I'm definitely old enough to remember when broker calls (cold or otherwise) touting a stock were a pretty frequent occurrence. The stock always would come with a story. It could go something like this: DEF Corporation has discovered a way to extract gold from gold tailings outside of old mines. The price of gold is rising. The cost of extraction with the DEF magnet is much less costly than actually digging into new veins. The stock has already gone up $25 a share and so on and so on and so on.
Rarely in my experience did these tales pan out. Whatever the story, it always seemed to presume that based on the information the stock had to go up even farther. The pitch was always based on fundamental projections. Usually, there was a clear implication and speculation that earnings would be rising. It seems like there was never any thought that the increasing earnings had already been built into the $25 a share price increase. If we think about it, how likely was it that Mr. Broker called us first with this great story. Unless we were the broker's dad or best friend, I'll bet we were closer to the bottom of the calling list than the top. Of course, the fund managers whose job it was to look for great growth companies like DEF had learned the story long, long before the broker was ever likely to call us. It, of course, was those managers and other institutions who did the buying that led to the $25 a share increase. Now they were all in and that just left the retail customer to buy the stock. Guess what, after I bought on the broker's advice, I often saw the stock turn down fairly quickly. The story had nothing relating to the "when" of buying, only the "what."
That scenario continues to play out over and over again, though no longer so often resulting from a call from a broker. Many retail traders buy a stock because they have heard their friends talk about it or because they read about the company in a magazine or something on television. Taser (TASR) is an interesting example. The company manufactures the Taser gun used by so many law enforcement agencies. Many smart police officers bought the stock as they learned about the Taser. Unadjusted for several splits, they may have ridden it from under $1 in 2003 to over $120 in late 2004. Of course, as the stock rose and rose, those that owned it bragged or at least mentioned their great investment. As the "buzz" increased so did the number of people buying the stock. Some bought it at over $120 a share. As I write this article in August 2006, the stock is trading at $7.01.
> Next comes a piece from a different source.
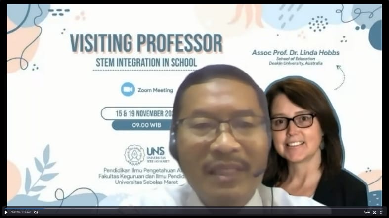 FKIP – Program Studi (Prodi) Pendidikan IPA Fakultas Keguruan dan Ilmu Pendidikan (FKIP) Universitas Sebelas Maret (UNS) Surakarta mendatangkan Profesor luar negeri dalam rangka Visiting Professor dengan tema “STEM Integration in School”. Kegiatan secara online melalui platform Zoom Meeting ini dilaksanakan selama dua hari pada tanggal 15 dan 19 November 2021. Adapun Profesor tersebut adalah Assoc. Prof. Dr. Linda Hobbs seorang pengajar dan ahli STEM Teaching & Learning dari School of Education, Deakin University, Australia.

There are a number of lessons. The first is that exits are critical. If the buyer was wise enough to have an exit strategy before he ever entered the play, he would either have enjoyed a profit, or, at worst, suffered only a relatively minor loss. Even the person who bought at the very top (around $125) should not have been hurt too badly if they had an initial exit strategy other than "buy and hold." However, with only a buy and hold strategy, that poor (literally perhaps) soul would have purchased the stock at $125 and now would hold it at $7. To say "it's coming back" isn't too comforting.
It has been said that fundamentals can help guide us about what to buy. Earnings, debt structure, price to earnings ratio, returns on equity, revenue and many other fundamentals certainly will have an affect on stock performance over time, but they have little bearing on when price movement will occur. The fact is that a company is great doesn't necessarily mean the stock will perform well. I consider Microsoft (MSFT) to be a great company, but between 2003 and the present it has traded up and down between about $20 and $28. Hardly a significant move when compared, for example, to Google (GOOG) that moved from $100 to over $470 in a year.
If fundamentals tell us what to buy, then I think technicals tell us when to buy it. Using proper technical entries and exits a trader could have done quite well just trading Microsoft (MSFT) up and down as it moved between $20 and $28, but the key would have been to make good entries. Entries that were close to a predetermined exit in the event the move turned against the trader. If an entry is made without regard to a preplanned exit that is set to minimize losses, then the trader can find himself in the position of the TASR holder who watches the stock go from $120 to $7 or the buyer of the fictional DEF who buys at the top on a broker's cold call.
Entries are important, but exits are the key. In my estimation, no entry should ever be made unless the exit strategy is in place first. I believe a trader needs to have an initial exit that is predefined and that is close to our entry. He should then continue the exit strategy by following behind a positive movement with some exit method such as a trailing stop loss, or by moving a stop loss, or by having an alert that he follows, etc. Again, the trader's business plan should incorporate the exit strategy that will be used and then it should be followed.
In our upcoming class and in the DVDs, in addition to teaching several strategies, we emphasize risk and exit strategies. I believe that exit strategy is one of the vital elements of successful trading. Without a good exit strategy, the liklihood of success in trading is very slim in my view.